A.3. Categories of personal data

•  identification and contact data, such as surname, first name, business email address, business telephone number, job title, company;
• account and authentication data, such as logins, roles, login logs, access metadata, and related technical information;
• content, prompts, instructions, documents, files, variables, configurations, comments, histories, outputs generated and metadata associated with the use of the Services;
• technical data, such as IP addresses, device identifiers, event logs, session information, and diagnostic data;
• any other data that the Controller chooses to submit to the Services under its sole responsibility.

Unless specifically agreed otherwise and appropriate measures, the Data Controller shall refrain from submitting to the Services special categories of data, criminal data, protected secrets or highly sensitive data that are not necessary for the intended use.

A.4. Processing operations

Processing operations may include collection, recording, organization, structuring, storage, adaptation, consultation, use, transmission, provision, combination, analysis, export, temporary storage, deletion and destruction, to the extent necessary for the provision of the Services.

A.5. Duration of processing

The data is processed for the duration of the contractual relationship relating to the relevant Services and then deleted or returned in accordance with this Agreement, subject to the retention periods required by law, reasonable technical constraints, secure backups and legitimate needs for proof, security or the defense of rights.
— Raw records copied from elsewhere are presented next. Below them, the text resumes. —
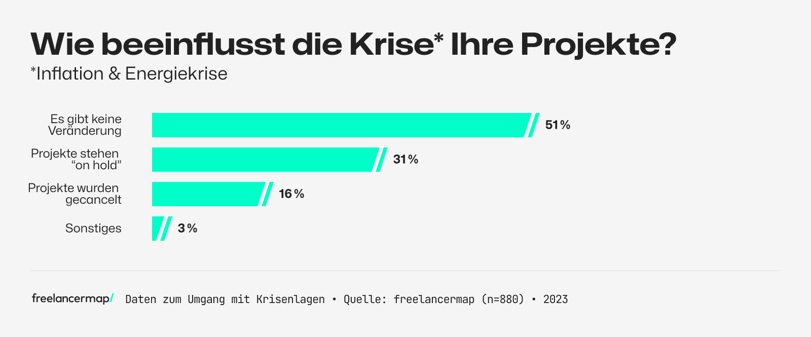• So stark beeinflussen Krisen laufende Projekte: 51 Prozent der befragten Freelancer berichten, dass sich durch Inflation oder Energiekrise nichts an ihren Projekten verändert hat. Bei rund 31 Prozent stehen einzelne Projekte jedoch auf „Hold“, während 16 Prozent sogar Projektabsagen erlebt haben.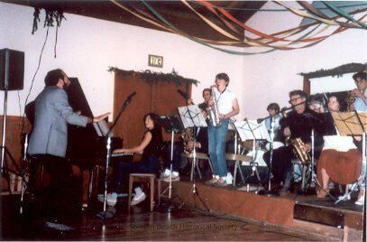 A color print from a slide in our collection of the Tuesday Night Band rehearsing for the Firemen's Ball in 1984. From the left: Murray, David/Jennifer,--/Murray, Susan/Crandall, John/Abbott, Nick/ Agnoli, Valentino/Crandall, Harriet/Agnoli, Vasco. The Tuesday Night Band was created by David Murray who was the musical instruments teacher at Bolinas Stinson School and the director and conductor of the West Marin Community Chorus and Orchestra in 1980. It consisted of the students, parents and other interested adults. It practiced on Tuesday nights. It was disbanded when David and his wife Susan moved to San Diego in 1986. It performed at local fairs and holidays.Collection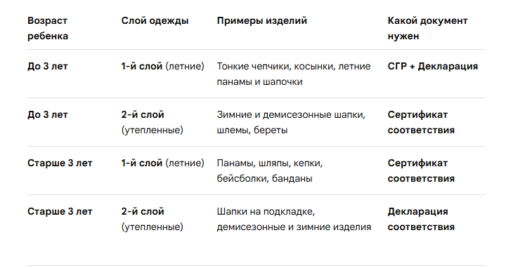 Таблица: какие документы нужны для детских головных уборов в 2026 году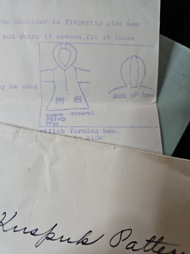 A Handmade and drawn out pattern on blue tissue style paper--never used--can be made into multiple different sizes. Along with the Ditto Copied Instruction sheet on how to sew it up. Al from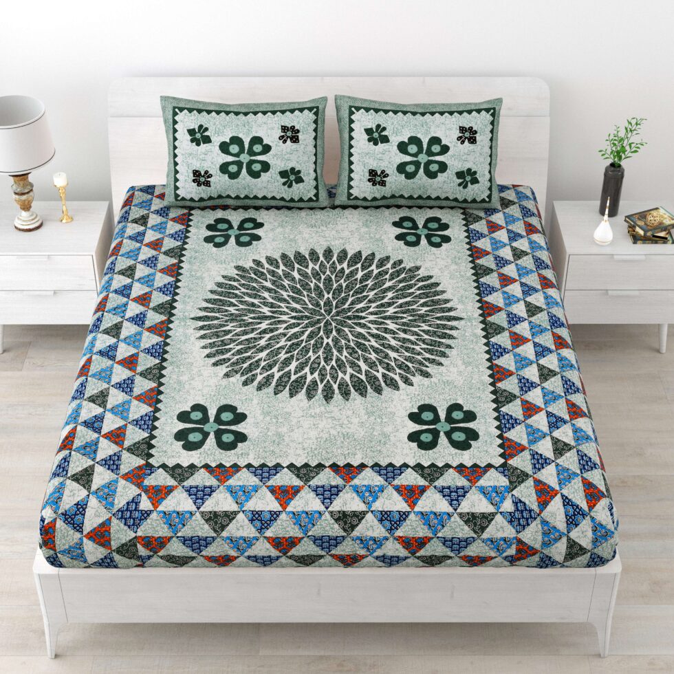 This bedsheet comes with a matching set of 2 pillow covers, completing the look and giving your bed a coordinated, elegant appearance. The soft and durable cotton fabric ensures long-lasting use, easy maintenance, and superior comfort for everyday use.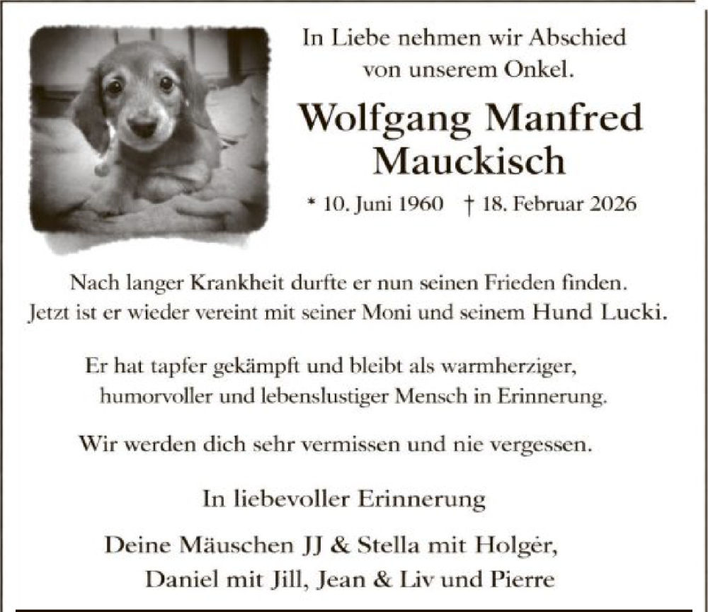 Hier finden Sie alle Traueranzeigen aus der Zeitung, die bisher für Wolfgang Manfred Mauckisch erschienen sind. Weitere Traueranzeigen, die in der Zeitung erscheinen, werden hier ebenfalls aufgelistet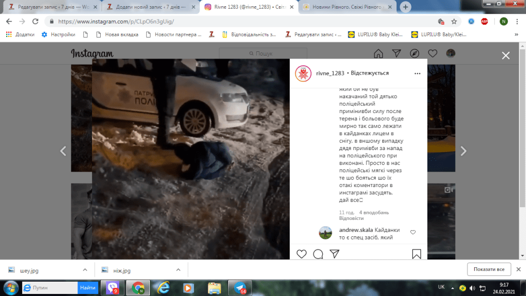 На відео видно двох поліцейських та жінку з кайданками на руках, яка лежить на снігу. Моменту затримання і чому жінка опинилася на снігу на відео не зафіксовано. А ось коментатори один поперед одного почали засуджувати дії поліцейських.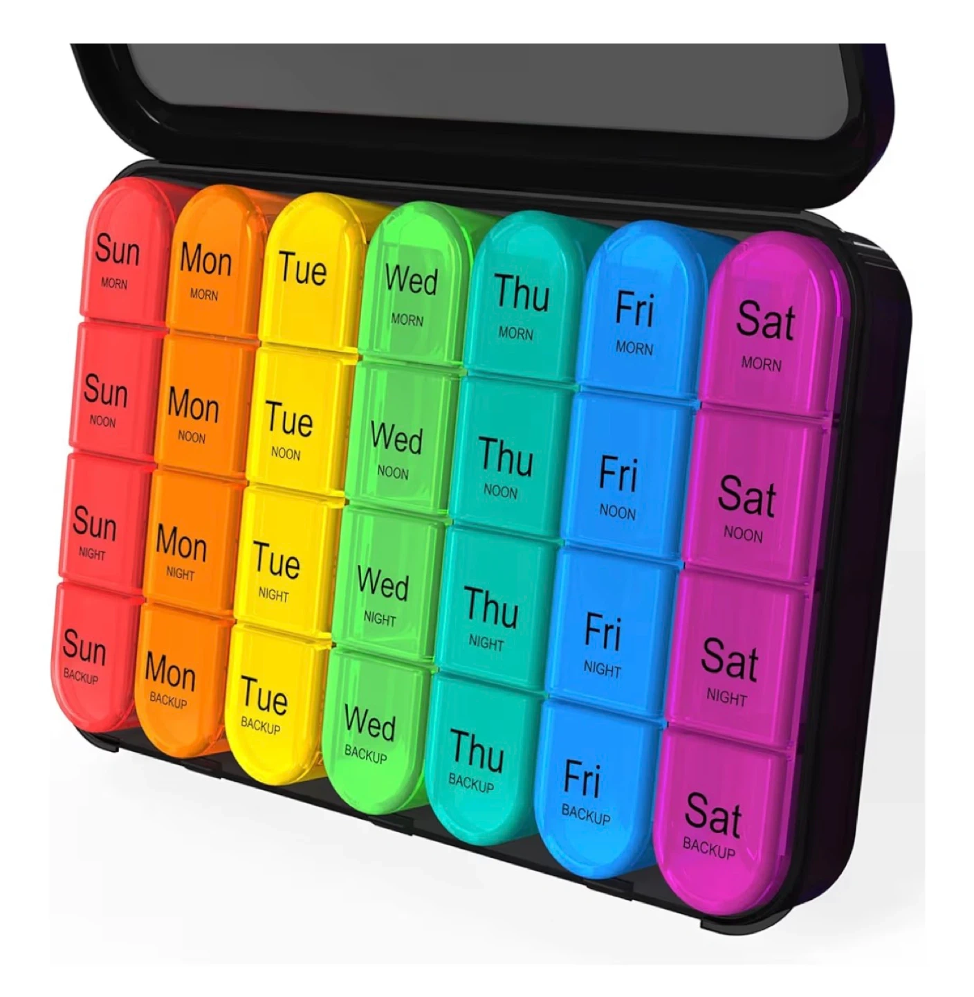 Excellent Printing - Bold letter marks on the daily pill organizer will remind you what to take by the day. The printing of the medicine organizer have passed the critical 3M adhesives & tapes test, won't rub off for over 5000 times of use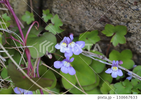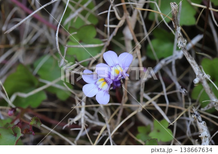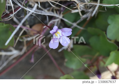 春の道端に咲く薄紫色のツタバウンランの極く小さな花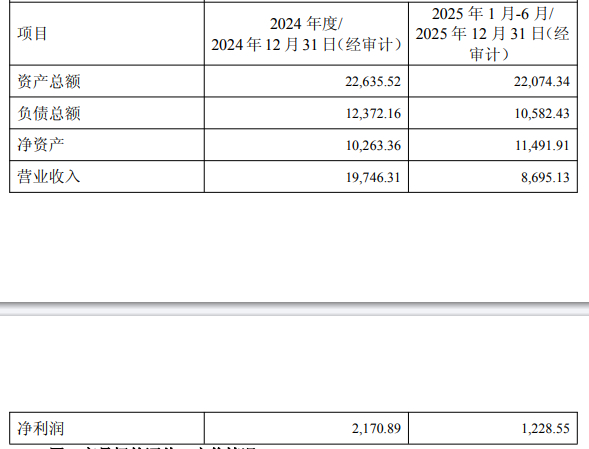 交易标的诚芯微2024年度与2025年1至6月营收分别为1.97亿元、8695.13万元,净利润分别为2170.89万元、1228.55万元。

Appendix B – Subprocessors

The sub-processors below may be involved, depending on the Services, options, integrations, and technical environments enabled, when processing personal data on behalf of the Controller in connection with the Services covered by this Agreement.

Appendix C – Technical and Organizational Measures (Synthetic Description)

The Processor implements, according to an approach proportionate to the risk, technical and organisational measures including, in particular:

• authorisation management and access control;
• Authentication and account protection;
• logging and traceability of relevant technical events;
• Backup, recovery, and reasonable resiliency of services.
• appropriate network, system and application security measures;
• vulnerability management and security maintenance;
• contractual confidentiality and data protection framework with authorised persons and sub-processors;
• internal procedures for managing incidents and, where applicable, data breaches;
• minimization, access limitation, and logical separation measures where appropriate.

The operational details of certain measures may be communicated separately upon legitimate request, subject to security and confidentiality requirements.